Saturday, 20 July 2013

Owed to Stafford (Not an Ode)





I owe you Stafford for the days spent gazing 
in awe at all the stuff in your museum,when I was 
barely tall enough to see into the cases.
I owe you Stafford for the dentists at your old 
infirmary, who sorted out my crooked teeth
by fitting me with braces.

I owe you Stafford for my reward for being good,
for Knickerbocker Glories at the Pop-in Cafe,
which was next to The Top of the World.
I owe you Stafford for Saturdays with scruffy types on 
motorbikes, and afternoons in the Stafford Arms, 
a formative experience for a girl.

I owe you Stafford for Marks & Spencer’s 
Childrenswear and Lingerie- my first real job 
in 1975, for me a milestone year.
I owe you Stafford for your county as, wherever 
I decide to live, my heart will always be 
in Staffordshire.

Sunday, 6 January 2013

Some Journey





 The taxi driver sang


 wordlessly, tunelessly,


 to the smell of sweat
  
 and cherries





 Passed by a bedraggled man


 holding words in black and red


'Don’t go to Hell' they said,


'It is a Place of Torment'





 The taxi driver muttered


“wasn’ goin that way, anyway”


 carried on his journey


 and his humming






Sunday, 25 November 2012

Guitar Man




The old man ran his hands over her, longingly, lovingly. He even puckered his dry lips, softly kissed her neck. He only wished she could kiss him back, it was so long since he’d felt a kiss with any real affection attached to it. He stroked her tenderly, remembering how she’d come into being.
He’d been helping his father all those years ago when they’d taken out the old fireplace and the idea came into his head, the idea to make his own guitar. All those years ago, and here she was, still with him when so much he’d known had gone.  He knew her. His hands knew her contours, her moods. Sometimes he’d been a man playing a guitar, but often, usually even, they were one being. Those times it wasn’t just his hands that played; it was his whole body communing with her, and both of them communing with the audience.
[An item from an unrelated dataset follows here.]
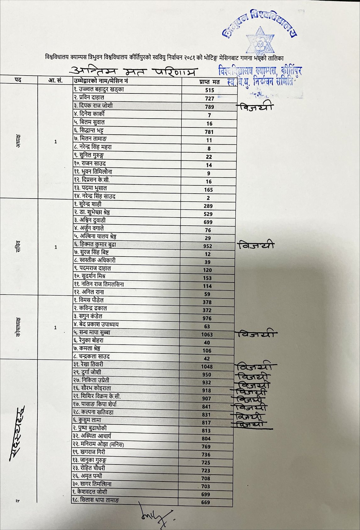 त्रिभुवन विश्वविद्यालयको केन्द्रीय क्याम्पसका रुपमा रहेको यस विश्वविद्यालय क्याम्पसमा मिति २०८१ चैत्र १८ गते स्वतन्त्र विद्यार्थी युनियनको निर्वाचन, सम्पन्न भएको छ। उक्त निर्वाचनका लागि दर्ता भएका जम्मा २२ वटा संघ/संगठन/समूह मध्ये प्रत्यक्ष तर्फ ११ वटा संघ/संगठन/समूहले निर्वाचनमा भाग लिएका थिए। यसै गरी स्वतन्त्र रुपमा अध्यक्ष पदमा ३ जनाको उम्मेदवारी परेको थियो भने सचिव पदमा ४ जनाको स्वतन्त्र उम्मेदवारी परेको थियो। उक्त निर्वाचन सम्पन्न गर्न विश्वविद्यालय क्याम्पस, प्रिन्सिपलको कार्यालयले नेपाली केन्द्रीय विभागका विभागीय प्रमुख प्रा.डा. कृष्णप्रसाद न्यौपानेलाई निर्वाचन अधिकृतको जिम्मेवारी दिएको थियो भने उहाँको नेतृत्वमा ११ सदस्यीय निर्वाचन समिति गठन गरिएको थियो। उक्त निर्वाचन २०८१ चैत्र ५ गते हुने गरी मिति तोकिएको भएता पनि प्रिन्सिपल कार्यालयमा भएको तालाबन्दी तथा उच्च अदालत पाटनमा परेको रिट निवेदनका कारण उक्त मितिमा निर्वाचन सम्भव हुन नसकेको हो। तर मिति २०८१ चैत्र १५ गते उच्च अदालत पाटनबाट रिट निवेदन माथि सुनुवाई पश्चात ने.वि.संघको आधिकारिकता टुंग्याइदिएपछि निर्वाचनको वातावरण तयार भई चैत्र १८ गते स्वतन्त्र, निष्पक्ष र भयरहित वातावरणमा निर्वाचन सम्पन्न भएको हो।

The door opened swiftly; no knock, no ‘excuse me’, just pushed open and in marched Nurse Cook, as usual.

“Come on now, put that old thing away. It’s bedtime. Chop-chop, pyjamas on!”

He didn’t need to look at the digital clock glaring out 20:30 in eye-wateringly bright green numerals. Same time every night. Tonight though, the Sunday of the last weekend in August, it was harder than usual for the old man to stomach. Still he did as he was told, unbent himself from the bed and carefully shuffled to the wardrobe. Meanwhile Nurse Cook had swished across the room, switched on the dim nightlight and clicked off the main light on her way out of the door.

“Goodnight then” 

the old man muttered, pleased with the cutting tone he’d managed even though only he could hear. He paused and realised that though he’d picked up his pyjamas in one arthritis-knotted hand he was still holding the guitar in the other. His grey hair brushed against his shoulders as his head shook. Was he trying to clear his thoughts? Reject his current plight? Or was this just a defiant, directionless NO aimed at nothing and at everything? 

Whatever it was, something seemed to snap into place with the motion and he threw the pyjamas back into the wardrobe, reaching instead to the back of the rail. His guitar was laid on top of the duvet, waiting patiently as he changed into his costume. He fastened it slowly, feeling his bent back straightening as if he was donning an orthopaedic device. Opening the window he grabbed the guitar and clambered out before half running, half shuffling across the lawn through the twilight. There was a phone box on the corner and, ignoring the many cards that offered all sorts of human contact and earthly pleasures, he sought out one, a minicab company card, made the call and waited.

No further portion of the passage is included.